Тот надел его, взял бутылку с маслом и ушёл довольный. Но вот, через несколько минут он возвращается, держа в руке свитер.

— Авва, мне он не понадобится. Отдай его лучше кому-нибудь, кому он нужнее.

Около двадцати дней спустя старец-пустынник перешёл в место вечного покоя, где ему действительно уже не нужны свитера.

Один швейцарец, путешествуя по Афону, оказался у каливы, которая немногим отличалась от «бычьей каливы» (так на Святой Горе называют хлев для быков). Он тихонько постучал в дверь, и слабый голос изнутри пригласил его зайти. Войдя, он увидел старца, сидевшего на деревянной кровати и перебиравшего чётки. Гость окинул взглядом нищую обстановку каливы и, наконец, стал рассматривать старца, одетого в одежду из грубой шерсти. Плохое знание языка помешало поговорить с ним, но и без слов было ясно, что старец жил в нищете и презрении от людей. Он не играл с божественными вещами, чтобы показаться кому-то важным, и потому оставался никому не известным. Гость достал из кошелька пятьдесят долларов, чтобы дать их старцу.
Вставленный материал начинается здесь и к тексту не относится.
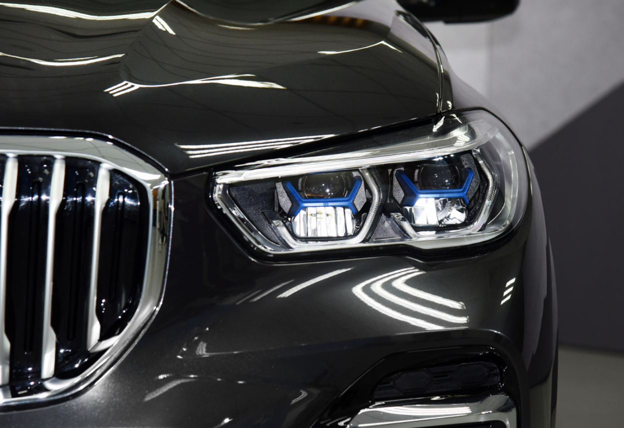 激光大灯内部还采用了蓝色“X”型部件,具备不错的未来感,而且照射距离达到了500米。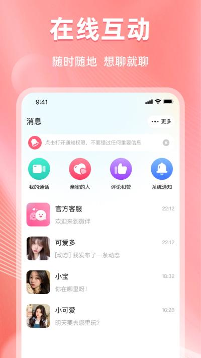 2. 高质量视音频交流,解决沟通不深入的难题: 文字聊天有时难以传递真实的情感和语气。微伴提供了高清稳定的视频通话和流畅清晰的语音聊天功能,借助优化的音视频传输技术,保障了实时互动的流畅体验。这项功能让用户可以跨越地理距离,实现面对面的交流,通过表情、眼神和语气更直观、更真实地了解对方,极大地促进了情感的升温与关系的深化。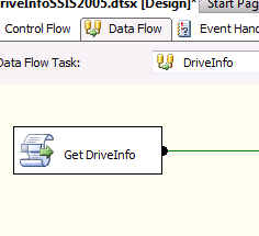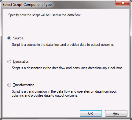 Switch over to the Data Flow designer pane and drag a Script Component object from the Data Flow Transformations section of the Toolbox. The Select Script Component Type will appear. The Script Component can be a source of data, a transformer of data or a consumer of data. Choose Source as this Script Component is going to provide drive information in a format that an Oledb provider can consume and click OK. Rename the Script Component Get DriveInfo. All of the images below came from BIDS 2005. BIDS 2008 is slightly different.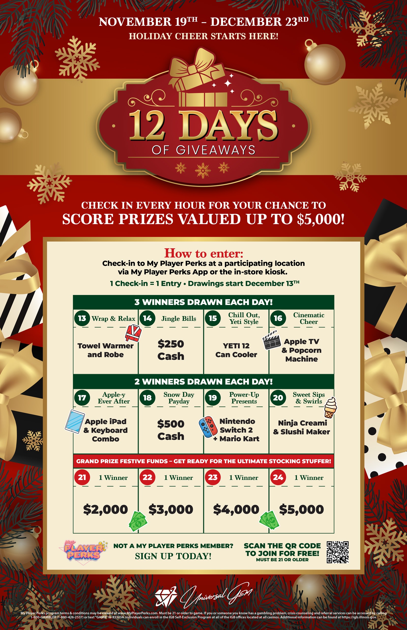 We’re thrilled to offer our annual 12 Days of Giveaways promotion! This year, My Player Perks members can win prizes valued up to $5,000.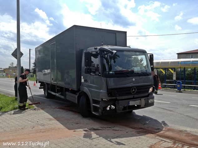 6 czerwca po godzinie 12 na ulicy Oświęcimskiej (DK 44) w rejonie skrzyżowania z ulica Urbanowicką doszło do groźnie wyglądającego zdarzenia drogowego. Na miejsce natychmiast wysłane zostały trzy zastępy JRG Tychy (GBA, GCBARt, SCRt), ZRM i patrol drogówki. Jak się okazało po dotarciu na miejsce kierujący samochodem osobowym marki Ford włączając się do ruchu z jednego z parkingów nie zachował należytej ostrożności i wymusił pierwszeństwo na jadącym ulicą Oświęcimską kierującym samochodem ciężarowym marki Mercedes doprowadzając do zderzenia. Na szczęście poza uszkodzonymi pojazdami nikomu nic się nie stało. W miejscu kolizji wprowadzony został ruch wahadłowy. Po około czterdziestu minutach uszkodzone pojazdy zostały usunięte na pobliski parking, a ruch na trasie DK 44 został przywrócony. Tyscy policjanci prowadzą dalsze czynności w sprawie tego zdarzenia.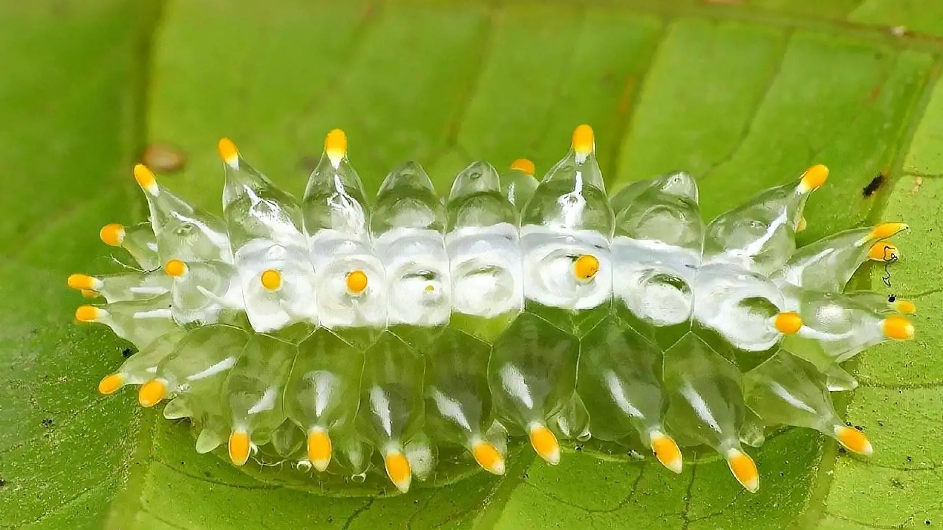 平日里,这些蟹黄水晶毛虫会爬到高高的树叶上进食,经过阳光的照射,它们背上的“果冻状”结构会发出耀眼的光芒,闪瞎捕食者们的“钛合金狗眼”,以此避免遭到它们的猎食。
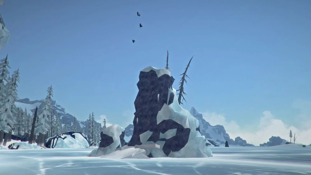 Un cadavre gelé peut généralement être trouvé à moitié écrasé sous la roche, entouré de corbeaux volant autours.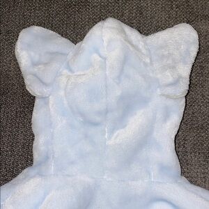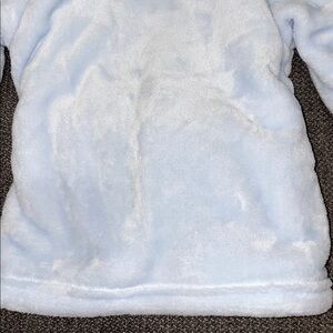 Excellent condition. Never used. Smoke free, pet free home. Plush fabric. 100% polyester. Would be cute for photos, but not realistic for post bath in my opinion. Super soft!

— Нет, я не возьму. Не так давно один человек дал мне двадцать долларов, их мне хватит надолго.

Пришла зима, и иностранец вспомнил каливу пустынника. По почте он отправил ему сто долларов на дрова и еду. Старец, получив их, тотчас отправил обратно, так как кто-то ему уже прислал денег. Иностранец снова их выслал, чтобы он раздал их нищей братии. Старец вновь вернул их с просьбой: «Вот сам их и раздай. Будет нехорошо, если я за твой счёт буду казаться милостивым».

Летом швейцарец принял православие и крестился, научившись у старца тому, что «блаженнее давать, нежели принимать» и «не бери без нужды ни обола».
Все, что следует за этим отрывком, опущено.